Stay Positive Posted 26 November 2011 Author Posted 26 November 2011 Well as least your brother has a pair of bollocks. Seriously, the fact your woman even did that says you have no control over her whatsoever, sort it out. Nothing worse than a "modern man" being totally dominated by his partner. I can't do much about it if I'm not there, can I? I had a right go at her earlier on about it, and she's even rung me since to apologise.

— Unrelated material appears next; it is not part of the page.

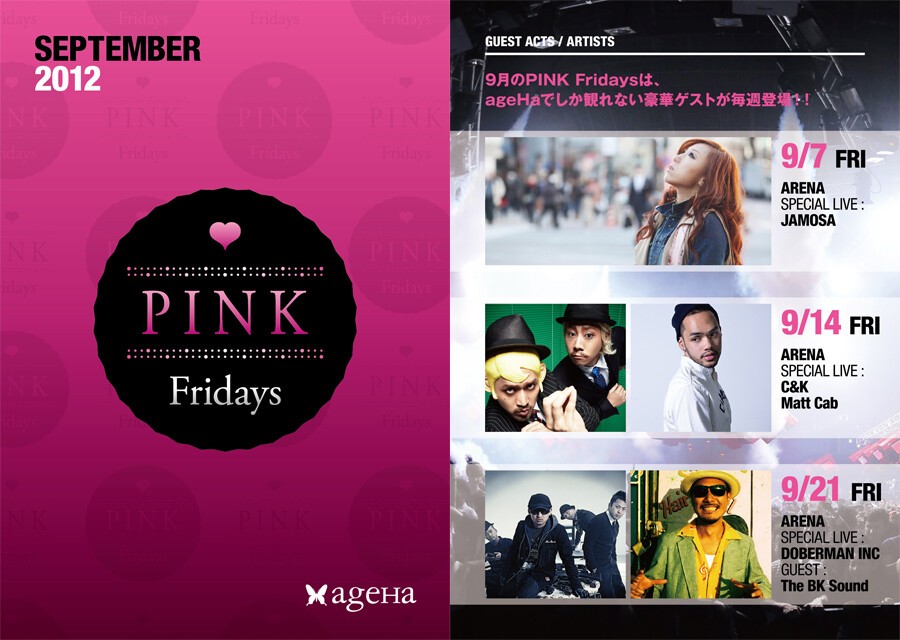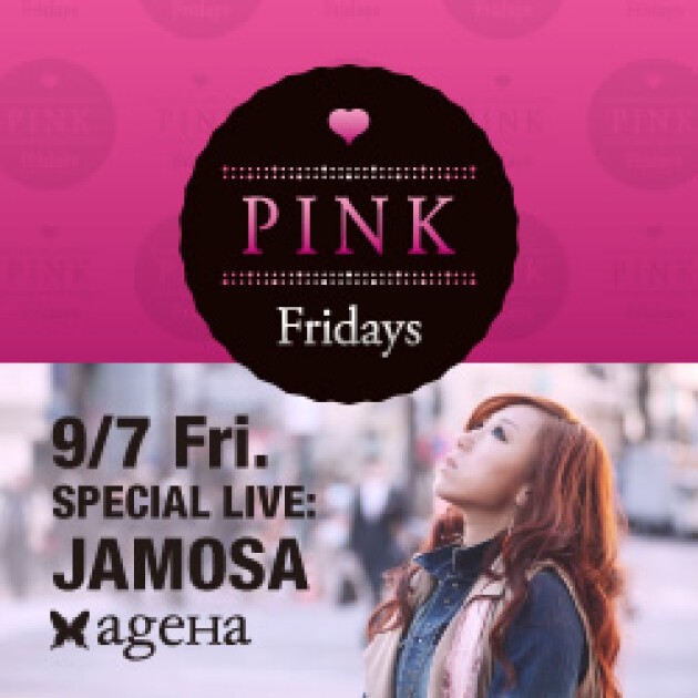 最強のレディースナイト、PINK Fridays!9月は3週連続開催!第一週目は、性別や世代、ジャンルを超えて、今もっとも共感を呼んでいるアーティスト、JAMOSAがスペシャルライブを披露!もちろん外国人ダンサーのGO GO DANCEショー、ポールダンサーの華麗な舞も存分に楽しめちゃいます。レディース・エリアでは、今メディアで話題のドラァグ・クイーン(女装家)のおもてなし付き。

Charl91 Posted 26 November 2011 Posted 26 November 2011 Yes you are both right, as my Mrs wouldnt ring my brother's other half to cancel christmas I'm obviously living in the 1800's and got her tied to the kitchen. Grow a pair of bollocks the pair of you. Like I said in my last post, there's a big difference between being "whipped" and having your other half "under control". Being whipped means you do what she wants, while having someone "under control" means it's you doing the whipping. If you weren't trying hard to appear macho, you might realise that there is actually a middle ground.
marko Posted 26 November 2011 Posted 26 November 2011 Yes you are both right, as my Mrs wouldnt ring my brother's other half to cancel christmas I'm obviously living in the 1800's and got her tied to the kitchen. Grow a pair of bollocks the pair of you. I was referring to your first comment about having no control and being a totally dominated modern man. Just seemed chauvinistic to me.
Guest MattP Posted 26 November 2011 Posted 26 November 2011 Like I said in my last post, there's a big difference between being "whipped" and having your other half "under control". Being whipped means you do what she wants, while having someone "under control" means it's you doing the whipping. If you weren't trying hard to appear macho, you might realise that there is actually a middle ground. Who mentioned being "whipped"? It wasnt me. I was referring to your first comment about having no control and being a totally dominated modern man. Just seemed chauvinistic to me. That's what it came across as, I take it back though as she has rang him to apologise, so he isnt the walkover I originally thought he was.